I have to believe it’s also a fault of my own, that I’m not able to articulate the things I find so beautiful and luminous about science, yet. I recently had occasion to attend a lecture by one of my personal heroes, Oliver Sacks, and in introducing him, the moderator emphasized that he is above all a storyteller. I saw through the course of his talk that the most consistent driving forces for his work were curiosity and the impulse to share everything he learned about humanity with others. He is a conduit, I think, giving access to the far-stretching iterations of experience we could not previously imagine, and bringing back profound insight into ordinary existence. I have always been impressed with his ability to break down incredibly complex, interwoven concepts from neurology and psychology, and make them not only accessible, but palpable and engaging to others. Along with a handful of others who are equally brilliant in their writing as their science (Rachel Carson, Richard Feynman, Stephen Hawking, Albert Einstein, and Carl Sagan among them), Dr Sacks let me find the essential relevance and captivating beauty science can hold in my daily life. He gave me new things to dream about, new terrains to explore in my imagination, and from the time I was eight or nine to present day, his writing literally fills me with wonder.
So I keep struggling to find a way to integrate all the things that I am so passionate about, in art and writing, in science and music and history and philosophy and biology and on and on, in a language that is not just palatable, but exciting to others, without my tendency to just breathlessly gush in a staccato symphony of all my most recent thoughts.
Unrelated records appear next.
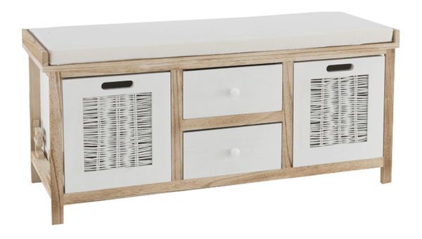 Lavice Linora se 4 zásuvkami lze využít v předsíni. Na lavici si můžete sednout při vyzouvání a obouvání, na vrchu je měkká poduška.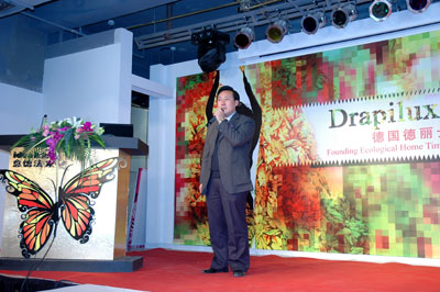 陈辉:顾德蓉女士的德文讲得很好,没听懂。但是翻译翻得很好,徐小姐翻得很好,尊敬的长秘书长,顾德蓉女士和各位媒体的朋友,各位来宾,很高兴大家来到drapilux生态布艺的发布会现场,感谢各位的到来,今天发布会的主题和生态有关,说到生态,近几年我国建筑装饰的关于环保方面的投诉率居高不下,成为行业发展的阻碍。其中投诉最多的还是健康方面出现的事故,消费者的消费理念,从传统的单纯追求实用美观,发展到追求绿色生态,来营造健康的居室环境,这为正处于转型期的中国建筑装饰行业指明了发展方向。我觉得在世界内,生态家居是必然的发展趋势。今天,主要向大家介绍的是德国drapilux生态布艺系列,这种产品是通过布艺分别室内甲醛,尼古丁等有害污染,这是一项突破性的尖端技术,我们想把它引入中国,就是想让更多的消费者能够想它带来的健康,关于它的具体功能,刚才我们的德国专家已经做了讲解。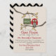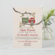 A back to school classroom open house invitation featuring an illustration of a red owl with a black and white chevron belly sitting on a tree branch with chalkboard. Personalize the text. Opposite side is black chevron.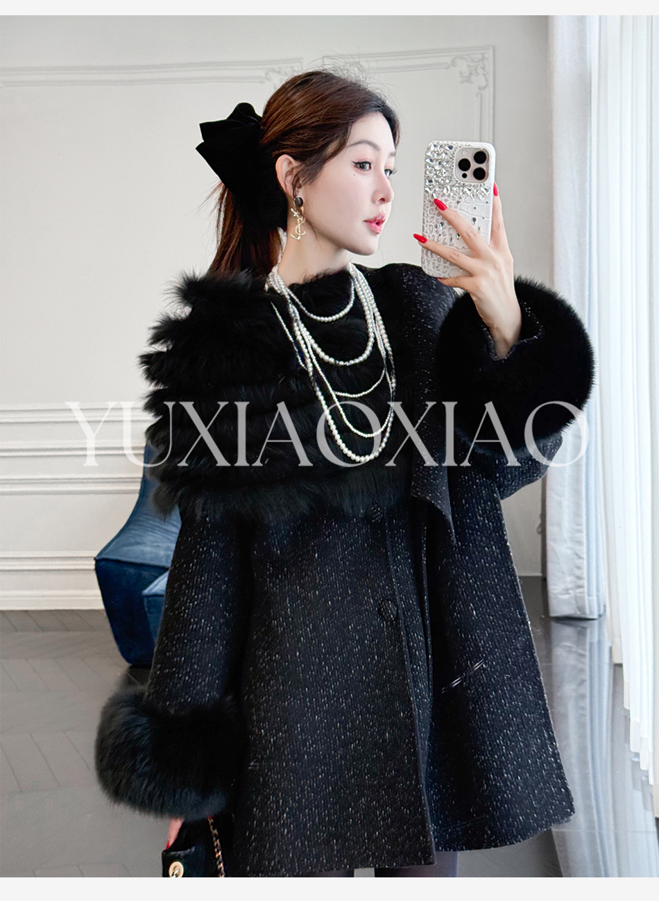 余潇潇【粉黛倾城】羊驼毛绵羊毛肌理感可拆卸狐狸毛披肩袖子大衣 商品图1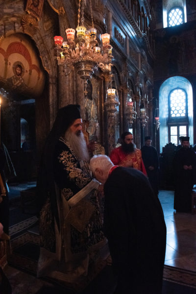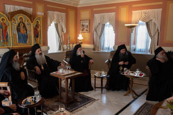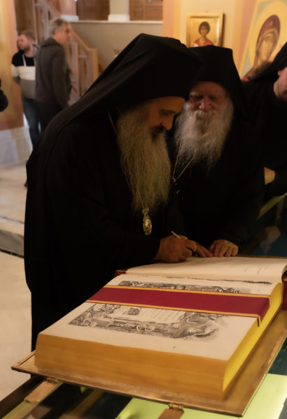 Ο Σεβασμιώτατος, πλαισιωμένος από τους Ηγουμένους των Ιερών Μονών των Αγίων Μετεώρων, Ιερείς, Ιεροδιακόνους και Μοναχούς, έγινε δεκτός με κάθε τιμή από τον Γέροντα Αλέξιο και την Συνοδεία του, σύμφωνα με το αγιορείτικο τυπικό.
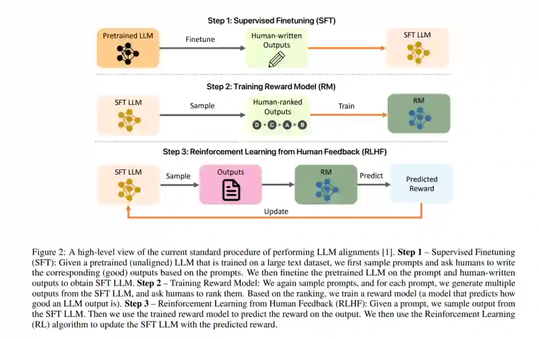 自然语言处理(NLP)的格局随着大型语言模型(LLMs)的出现而发生了深刻的变革。这些语言模型的特点是参数数量庞大,通常达到数十亿,且在大量的数据语料库上进行训练[4]。近年来,LLMs的影响确实是革命性的,它们彻底改变了学术研究和各种工业应用。值得注意的是,OpenAI开发的LLMs,包括ChatGPT [5, 6],取得了卓越的成功,其中ChatGPT被认为是迄今为止增长最快的网络平台[7]。使当前的大型语言模型(LLMs)变得既可用又受欢迎的关键因素之一是对齐技术。对齐是确保LLMs按照人类的价值观和偏好行事的过程。这一点通过LLM的发展演变和公众反馈的整合变得明显。
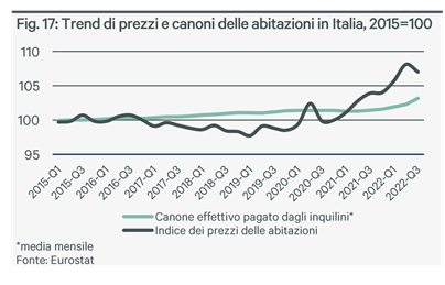 L’opzione della locazione risulta invece più sostenibile: la crescita dei canoni è stata moderata nel 2022 pur incorporando gli aumenti avvenuti nel corso dell’anno causati dalla piena indicizzazione al tasso di inflazione;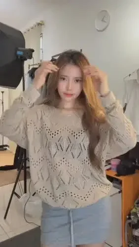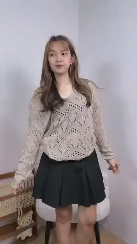 CHICMORE Atasan sweter lengan panjang berongga pullover v-neck untuk wanita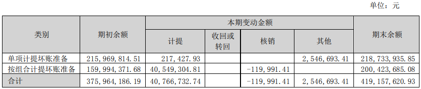 應收賬款壞賬準備期末余額為419,157,620.93元。
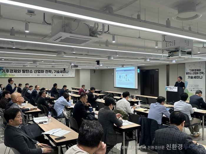 첫 번째 세션에서는 저탄소 기술 개발과 산업경쟁력 강화 방안이 논의됐다. 한국화학융합시험연구원 이봉재 센터장은 CCUS(탄소 포집·활용·저장) 통합법 시행에 따른 제품 인증과 표준 제정 현황을 설명했다. 빅텍스 임창환 상무는 탄소 포집 기술개발 현황과 실증 경험을 공유했으며, 한국환경공단 권혁 부장은 바이오가스 기반의 친환경 에너지 사업 추진 방안을 소개했다. 한양대학교 송호철 교수는 폐자원 기반 바이오차 생산 및 활용 기술 동향을 제시했다.

I had thought the key was compartmentalization, which is why I have been trying to frame posts here around some specific theme or loosely-organized topic, but they are all of a part, talking about experience and existence. I think it may be more useful to free associate if necessary, to risk saying the extraordinarily dumb things I know I say all the time, and more than anything, to write more frequently, so I can keep a map of that wandering that keeps me alive. Please do let me know if I’m losing you.